• Exercise goal:
From the entries below, return exactly the lines beginning at the one that contains "Устроены по типу" and ending at the one that contains "서울시는 한강 중심부", both of them included, and only those lines.

• Data records:
=== Section Start ===

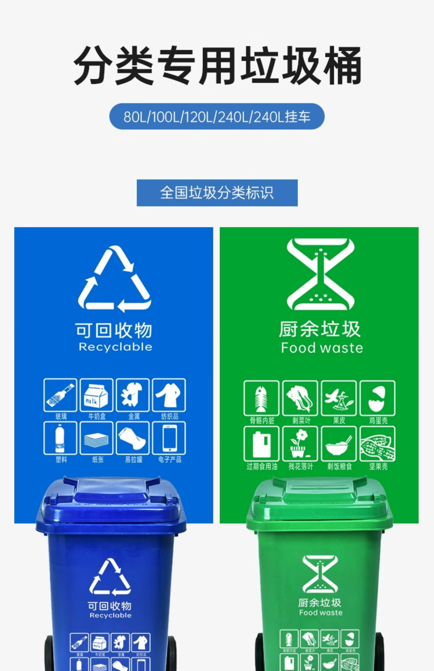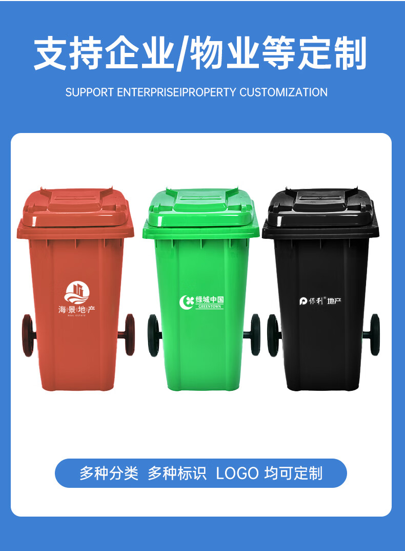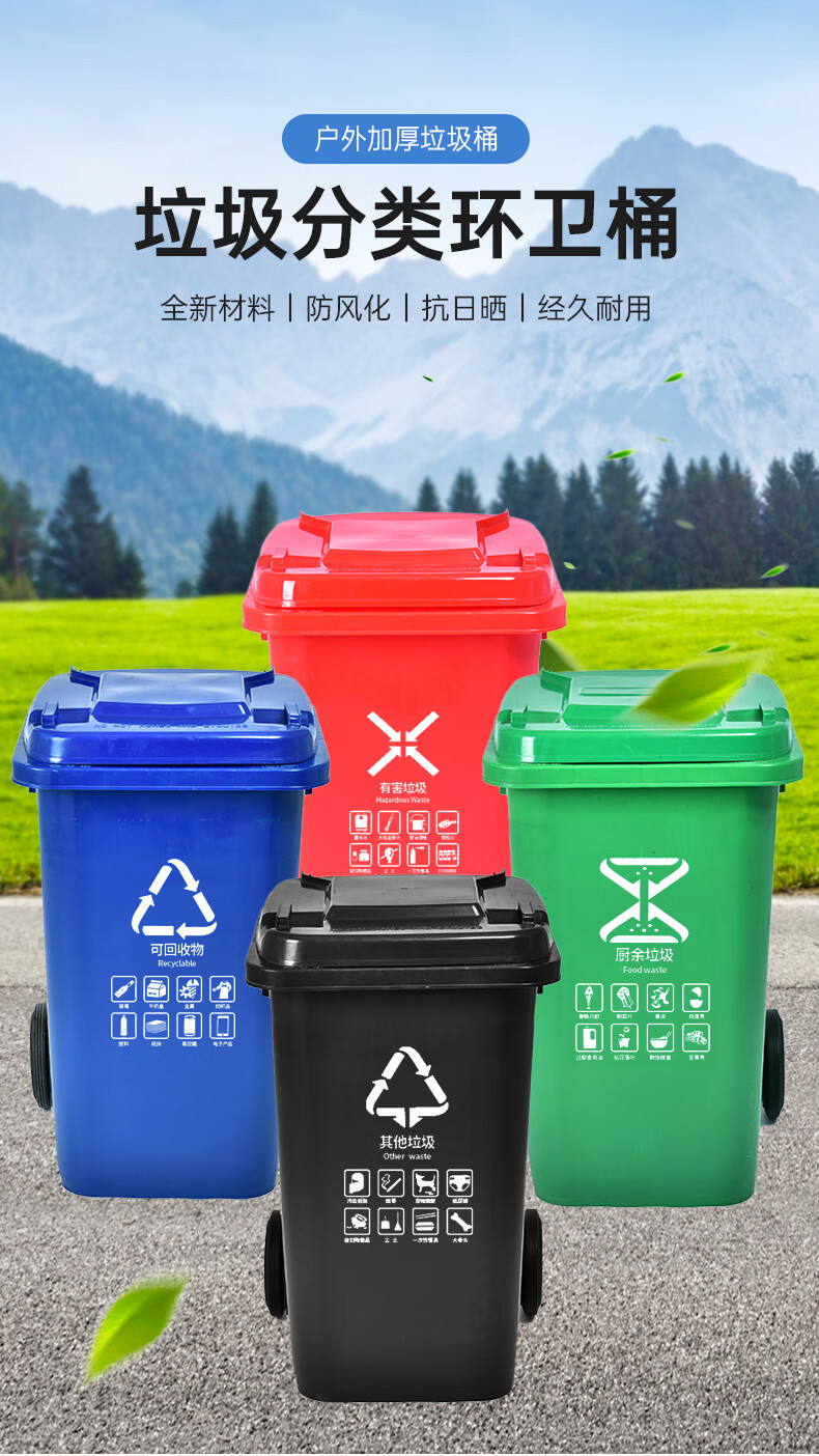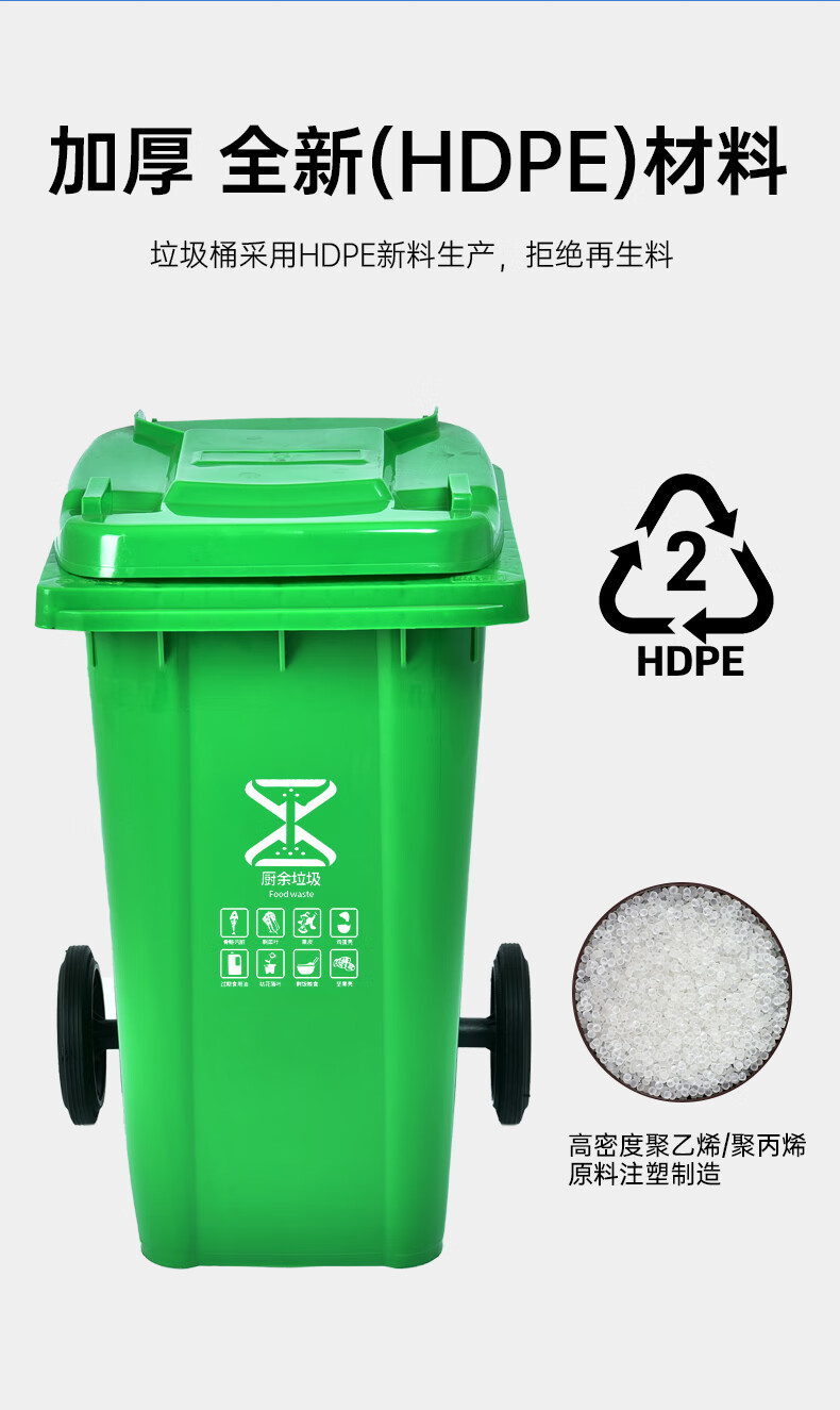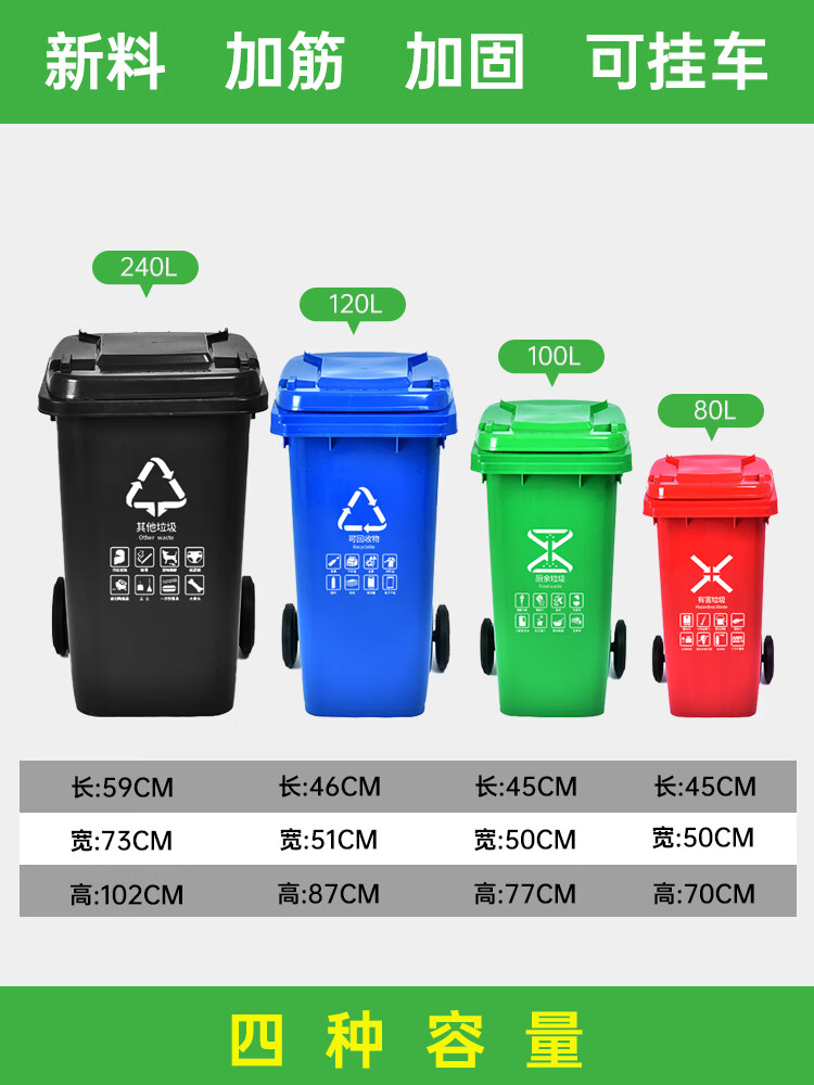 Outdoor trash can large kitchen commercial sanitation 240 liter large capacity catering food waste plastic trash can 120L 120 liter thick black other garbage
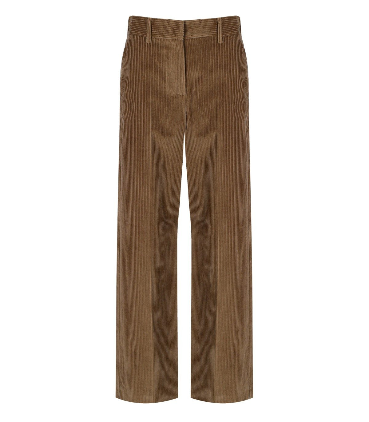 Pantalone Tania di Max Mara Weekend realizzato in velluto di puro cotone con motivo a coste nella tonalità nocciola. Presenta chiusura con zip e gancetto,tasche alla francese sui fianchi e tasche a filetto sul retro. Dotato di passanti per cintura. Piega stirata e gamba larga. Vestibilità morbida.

=== Section End ===
=== Section Start ===

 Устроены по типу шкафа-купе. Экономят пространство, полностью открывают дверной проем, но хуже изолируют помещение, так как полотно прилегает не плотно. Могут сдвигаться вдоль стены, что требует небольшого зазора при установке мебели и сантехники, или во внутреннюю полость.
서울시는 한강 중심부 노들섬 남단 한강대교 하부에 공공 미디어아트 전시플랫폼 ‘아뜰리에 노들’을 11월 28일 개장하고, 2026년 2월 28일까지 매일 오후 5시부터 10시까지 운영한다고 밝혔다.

=== Section End ===

• Solution for this problem:
 Устроены по типу шкафа-купе. Экономят пространство, полностью открывают дверной проем, но хуже изолируют помещение, так как полотно прилегает не плотно. Могут сдвигаться вдоль стены, что требует небольшого зазора при установке мебели и сантехники, или во внутреннюю полость.
서울시는 한강 중심부 노들섬 남단 한강대교 하부에 공공 미디어아트 전시플랫폼 ‘아뜰리에 노들’을 11월 28일 개장하고, 2026년 2월 28일까지 매일 오후 5시부터 10시까지 운영한다고 밝혔다.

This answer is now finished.